- **Data excerpt**
"""

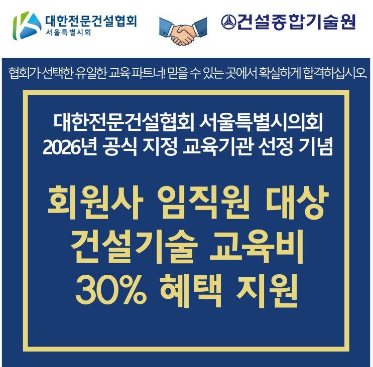 건설사 대표님, 그리고 현장 기술력을 높이고자 하는 임직원 여러분 안녕하십니까. 건설종합기술원(건설기술협력회)입니다. 2026년 1회차 시험 접수를 코앞에 둔 시점, 아주 반가운 소식을 들고 왔습니다. 우리 기술원이 대한 전문건설협회 서울특별시회와 손을 잡고 건설업 기술자 양성을 위한 공식 협력을 체결했습니다. 단순한 협약을 넘어, 협회 회원사분들께만 드리는 특별한 교육비 혜택까지 준비했으니 이번 포스팅을 꼭 끝까지 확인해 주시기 바랍니다. 전문건설인이 인정한 교육 퀄리티 저희 건설종합기술원은 지난주, 대한전문건설협회 서울특별시회와 건설업 관련 기술자 양성을 위한 업무 협약을 체결했습니다. 이번 협약은 단순히 서....... <img src="https://blogthumb.pstatic.net/MjAyNjAxMjNfMTA1/MDAxNzY5MTUxMjkwOTIy.nGe_Nd0psQo-PnIII87rjFErNVQSwzApHWIy0D-S0uwg.PRv7H0RhypDzDgiY0cIfJvfXsAoaSv48Fo5kVQWVHYwg.JPEG/%B4%EB%C7%A5%BB%E7%C1%F8.jpg?type=s3" />
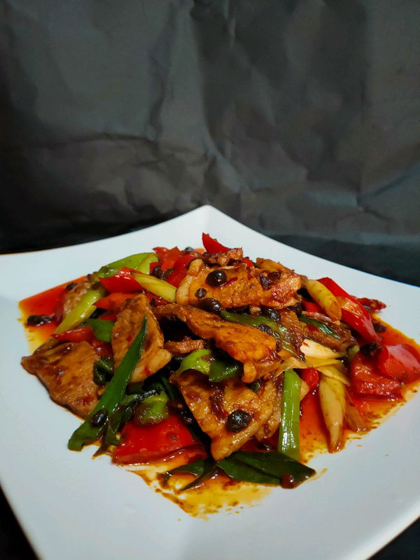 放豆豉炒香,再放入肉片,青蒜翻炒。
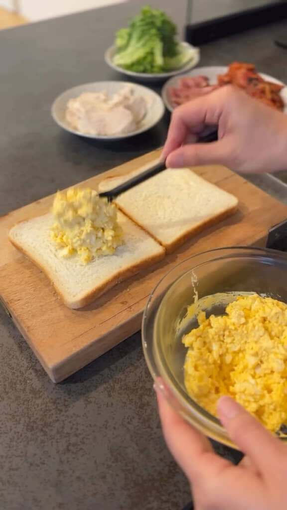 最初に作るのは定番のたまごサンド。バターを塗った食パンに、たまごスプレッドをたっぷりと乗せます。もう1枚の食パンを重ねると、ふわっとボリュームのあるサンドイッチが完成します。

"""

- **Exercise**
The listing above must be printed again exactly, minus its pictures.

- **Answer area**
 건설사 대표님, 그리고 현장 기술력을 높이고자 하는 임직원 여러분 안녕하십니까. 건설종합기술원(건설기술협력회)입니다. 2026년 1회차 시험 접수를 코앞에 둔 시점, 아주 반가운 소식을 들고 왔습니다. 우리 기술원이 대한 전문건설협회 서울특별시회와 손을 잡고 건설업 기술자 양성을 위한 공식 협력을 체결했습니다. 단순한 협약을 넘어, 협회 회원사분들께만 드리는 특별한 교육비 혜택까지 준비했으니 이번 포스팅을 꼭 끝까지 확인해 주시기 바랍니다. 전문건설인이 인정한 교육 퀄리티 저희 건설종합기술원은 지난주, 대한전문건설협회 서울특별시회와 건설업 관련 기술자 양성을 위한 업무 협약을 체결했습니다. 이번 협약은 단순히 서....... <img src="https://blogthumb.pstatic.net/MjAyNjAxMjNfMTA1/MDAxNzY5MTUxMjkwOTIy.nGe_Nd0psQo-PnIII87rjFErNVQSwzApHWIy0D-S0uwg.PRv7H0RhypDzDgiY0cIfJvfXsAoaSv48Fo5kVQWVHYwg.JPEG/%B4%EB%C7%A5%BB%E7%C1%F8.jpg?type=s3" />
 放豆豉炒香,再放入肉片,青蒜翻炒。
 最初に作るのは定番のたまごサンド。バターを塗った食パンに、たまごスプレッドをたっぷりと乗せます。もう1枚の食パンを重ねると、ふわっとボリュームのあるサンドイッチが完成します。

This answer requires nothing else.